Hopefully it will survive the test. Nearly half a century into my life, I am hoping that my ten-year-old daughter and my other two children do not have to face the wrenching dislocations I did some thirty-seven years ago, and will instead enjoy the serene calm that existed on the day of my birth, not the chaos that erupted just after my tenth birthday.
Ron Insana
Preface
As the weakness in the U.S. dollar becomes a prolonged trend in the foreign exchange market and the euro assumes an increasingly credible position in global exchanges, currencies are no longer a topic restricted to economists or bank traders. With the multiyear bull markets in stocks, bonds, and real estate having largely concluded their upward run, global investors remain on a continuous quest for yield. In the United States, individual investors have more than quadrupled their holdings of non-U.S. stocks between 1996 and 2007, elevating their awareness of foreign economies and currencies to new heights. Meanwhile, the multitude of banks and brokerage houses offering currency trading services for investors has increasingly integrated foreign exchange into investor portfolios worldwide.

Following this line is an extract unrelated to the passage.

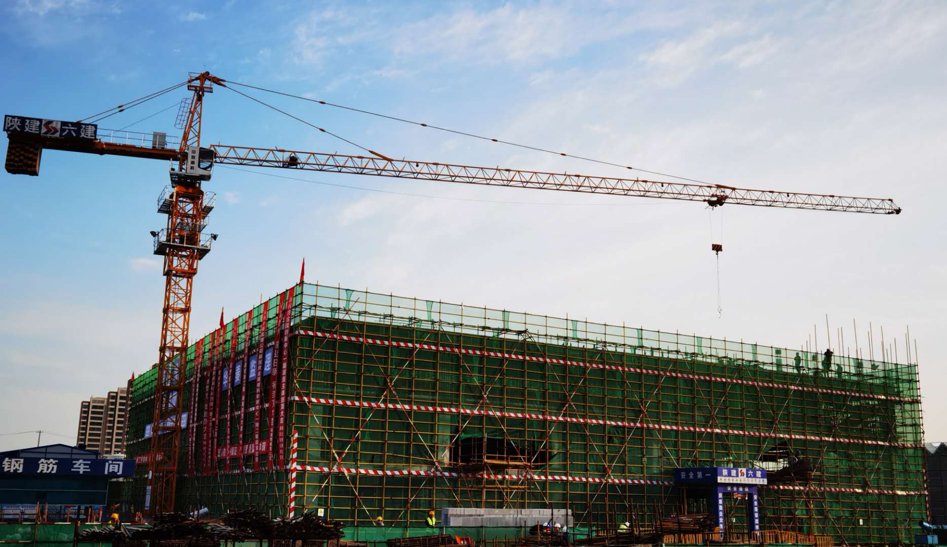 創新中心自開工建設以來,先后面對新冠肺炎疫情爆發、連續雨季以及行政區域政策收緊等諸多困難和壓力,黃金集團主要領導多次親臨現場督戰、指導,匯創公司上下一心、科學組織,積極配合協調鄠邑區住建局等部門和西戶高新管委會等單位,嚴密策劃、精心實施,全力確保項目建設始終合法合規、穩步推進,成功按照既定計劃完成了封頂節點工作。

Academics and market professionals have done their bit in producing literature about the mechanics of foreign exchange markets and the theories underpinning them. But relatively little is written on how to explore the practical intermarket relationships that shape currencies via interest rates, equities, and commodities. Most investors have come across the notion of interest rates impact on foreign exchange rates, but have yet to grasp the situations when interest rates and central bank policy are displaced by shifting risk appetite and economic growth. While central banks aim to manage expectations in bond and currency markets, they tend to misread such risks as asset price inflation and financial market contagion, leaving professional and institutional investors wrong-footed. Integrating commodities into the mix, record-breaking prices have significantly driven the foreign exchange market, raising the need for investors to determine the currencies most responsive to price developments in energy, metals, food, and agricultural raw materials. And given the plethora of media types generating constant financial market information and advice, investors need to separate noise from sound market and economic signals.